ACTIVITY =
Write the entries below out again exactly; any picture in them stays out.

THE DATA =
[Start of Attachment]

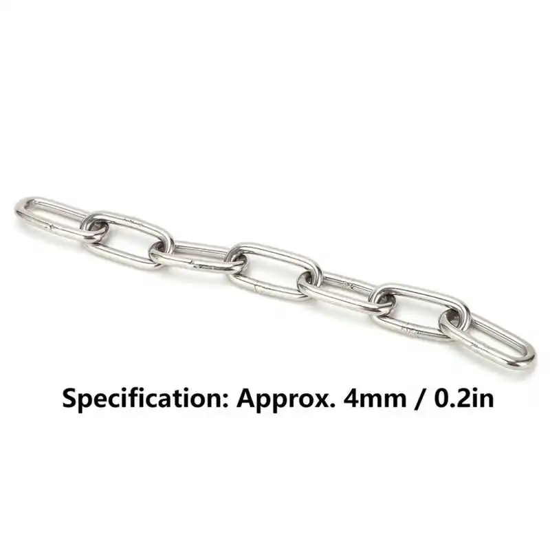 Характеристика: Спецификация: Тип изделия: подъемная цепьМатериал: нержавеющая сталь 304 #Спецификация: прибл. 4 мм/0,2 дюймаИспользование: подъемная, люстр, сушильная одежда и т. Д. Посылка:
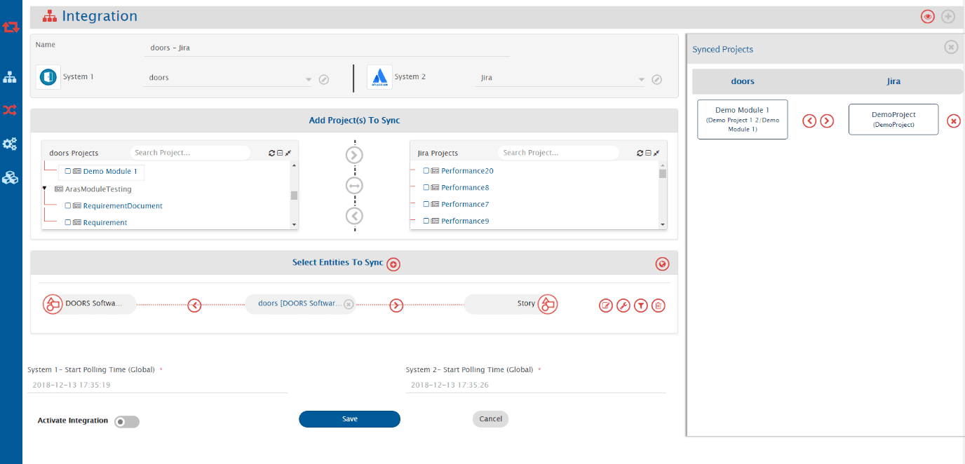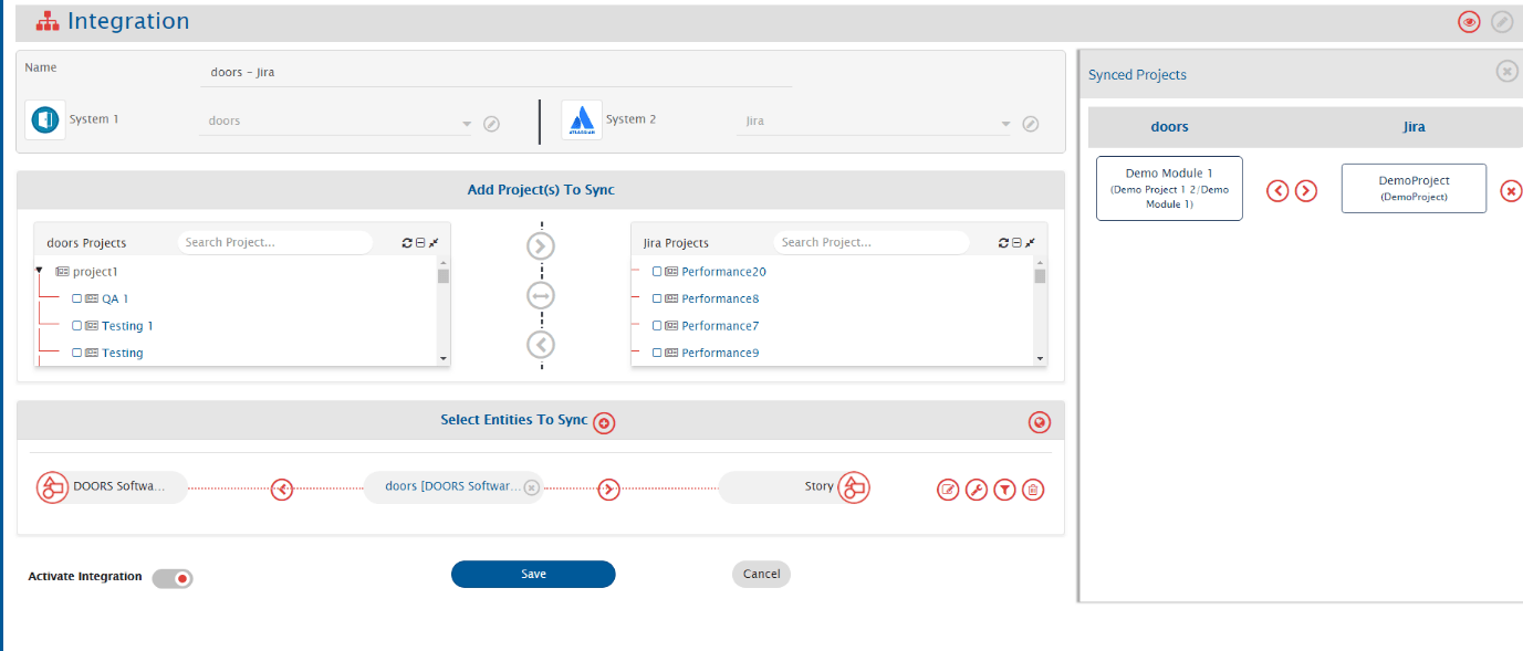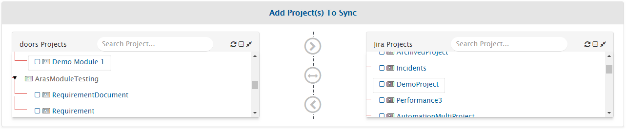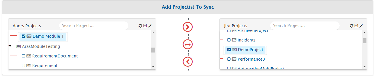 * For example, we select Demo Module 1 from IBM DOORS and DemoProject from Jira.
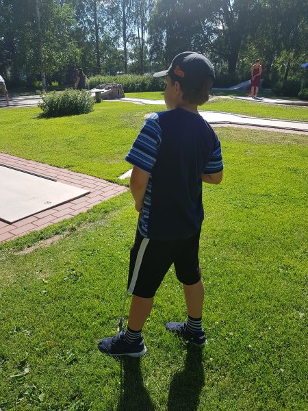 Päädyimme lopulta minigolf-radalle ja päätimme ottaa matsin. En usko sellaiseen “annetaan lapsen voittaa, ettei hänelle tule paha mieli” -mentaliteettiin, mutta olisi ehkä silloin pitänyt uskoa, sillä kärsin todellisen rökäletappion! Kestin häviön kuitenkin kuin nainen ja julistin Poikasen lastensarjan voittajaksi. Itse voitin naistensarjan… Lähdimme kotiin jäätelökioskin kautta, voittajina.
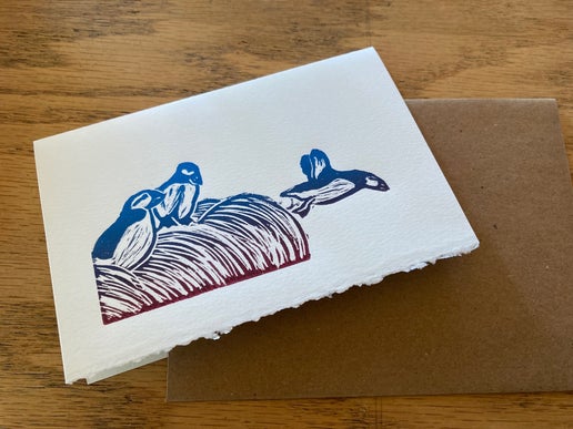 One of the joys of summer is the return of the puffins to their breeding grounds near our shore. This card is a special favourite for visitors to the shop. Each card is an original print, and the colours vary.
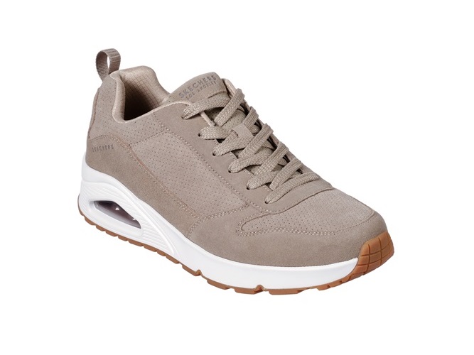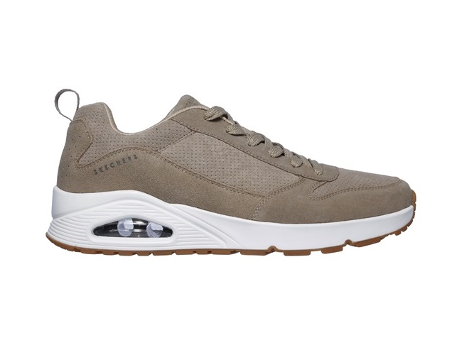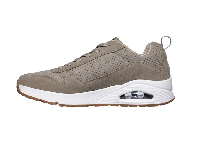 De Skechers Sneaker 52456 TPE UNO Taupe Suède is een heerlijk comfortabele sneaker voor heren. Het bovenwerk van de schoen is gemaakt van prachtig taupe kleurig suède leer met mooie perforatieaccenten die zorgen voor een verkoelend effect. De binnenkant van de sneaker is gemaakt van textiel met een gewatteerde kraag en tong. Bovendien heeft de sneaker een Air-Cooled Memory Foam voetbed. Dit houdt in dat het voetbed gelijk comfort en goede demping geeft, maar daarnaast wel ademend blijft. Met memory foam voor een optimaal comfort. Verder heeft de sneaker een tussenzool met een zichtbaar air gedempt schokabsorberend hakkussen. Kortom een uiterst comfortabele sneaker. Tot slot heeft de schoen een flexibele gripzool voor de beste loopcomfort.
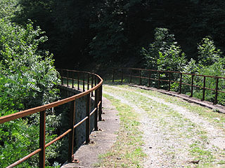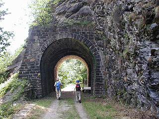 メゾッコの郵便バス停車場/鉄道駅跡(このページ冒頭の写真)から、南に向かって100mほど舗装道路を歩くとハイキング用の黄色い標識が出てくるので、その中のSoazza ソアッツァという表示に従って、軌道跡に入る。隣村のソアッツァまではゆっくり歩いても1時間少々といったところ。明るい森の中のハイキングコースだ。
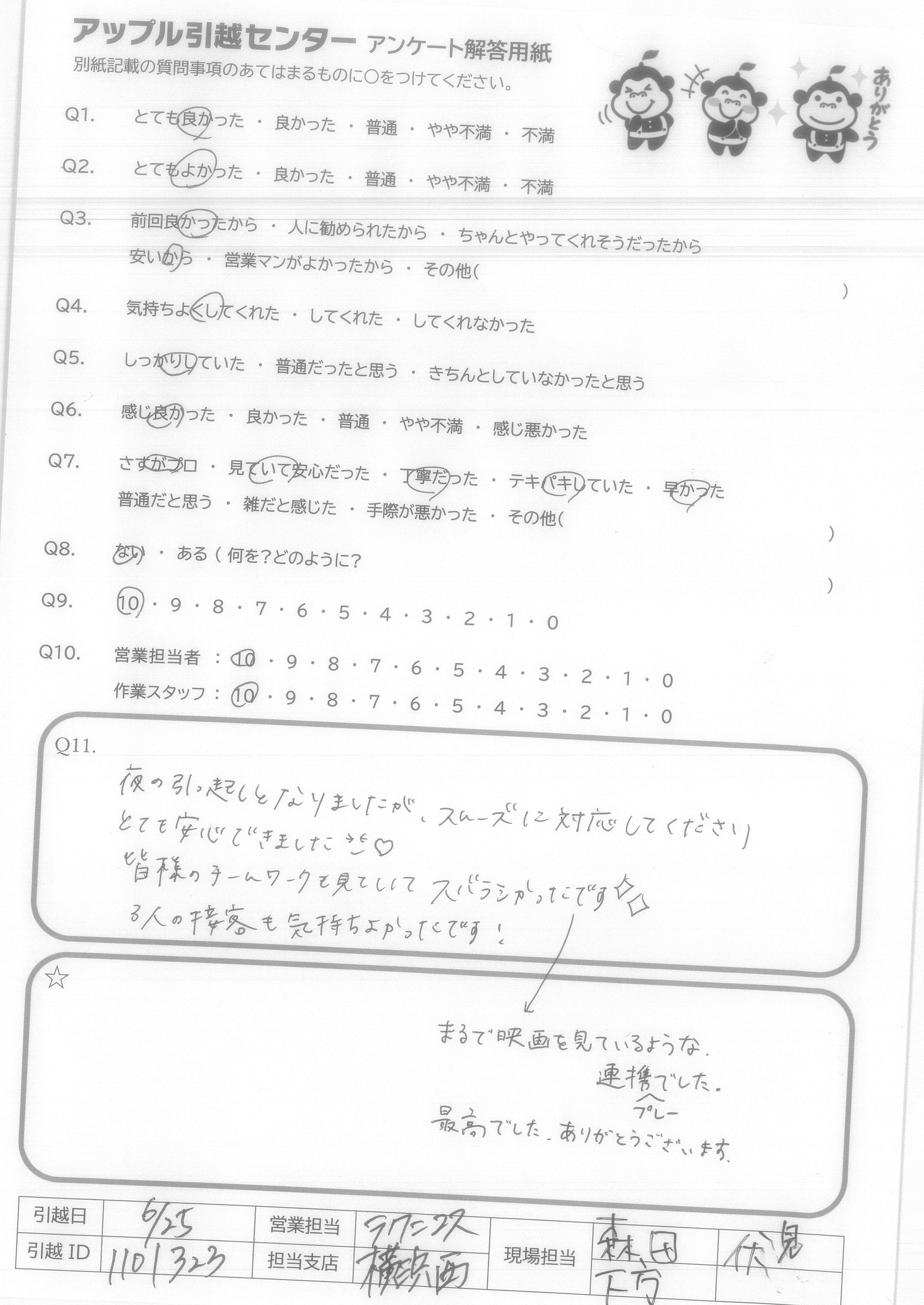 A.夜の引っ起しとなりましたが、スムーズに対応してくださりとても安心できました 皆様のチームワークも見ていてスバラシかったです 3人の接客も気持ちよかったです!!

[End of Attachment]

RESPONSE TO THE EXERCISE =
 Характеристика: Спецификация: Тип изделия: подъемная цепьМатериал: нержавеющая сталь 304 #Спецификация: прибл. 4 мм/0,2 дюймаИспользование: подъемная, люстр, сушильная одежда и т. Д. Посылка:
 * For example, we select Demo Module 1 from IBM DOORS and DemoProject from Jira.
 Päädyimme lopulta minigolf-radalle ja päätimme ottaa matsin. En usko sellaiseen “annetaan lapsen voittaa, ettei hänelle tule paha mieli” -mentaliteettiin, mutta olisi ehkä silloin pitänyt uskoa, sillä kärsin todellisen rökäletappion! Kestin häviön kuitenkin kuin nainen ja julistin Poikasen lastensarjan voittajaksi. Itse voitin naistensarjan… Lähdimme kotiin jäätelökioskin kautta, voittajina.
 One of the joys of summer is the return of the puffins to their breeding grounds near our shore. This card is a special favourite for visitors to the shop. Each card is an original print, and the colours vary.
 De Skechers Sneaker 52456 TPE UNO Taupe Suède is een heerlijk comfortabele sneaker voor heren. Het bovenwerk van de schoen is gemaakt van prachtig taupe kleurig suède leer met mooie perforatieaccenten die zorgen voor een verkoelend effect. De binnenkant van de sneaker is gemaakt van textiel met een gewatteerde kraag en tong. Bovendien heeft de sneaker een Air-Cooled Memory Foam voetbed. Dit houdt in dat het voetbed gelijk comfort en goede demping geeft, maar daarnaast wel ademend blijft. Met memory foam voor een optimaal comfort. Verder heeft de sneaker een tussenzool met een zichtbaar air gedempt schokabsorberend hakkussen. Kortom een uiterst comfortabele sneaker. Tot slot heeft de schoen een flexibele gripzool voor de beste loopcomfort.
 メゾッコの郵便バス停車場/鉄道駅跡(このページ冒頭の写真)から、南に向かって100mほど舗装道路を歩くとハイキング用の黄色い標識が出てくるので、その中のSoazza ソアッツァという表示に従って、軌道跡に入る。隣村のソアッツァまではゆっくり歩いても1時間少々といったところ。明るい森の中のハイキングコースだ。
 A.夜の引っ起しとなりましたが、スムーズに対応してくださりとても安心できました 皆様のチームワークも見ていてスバラシかったです 3人の接客も気持ちよかったです!!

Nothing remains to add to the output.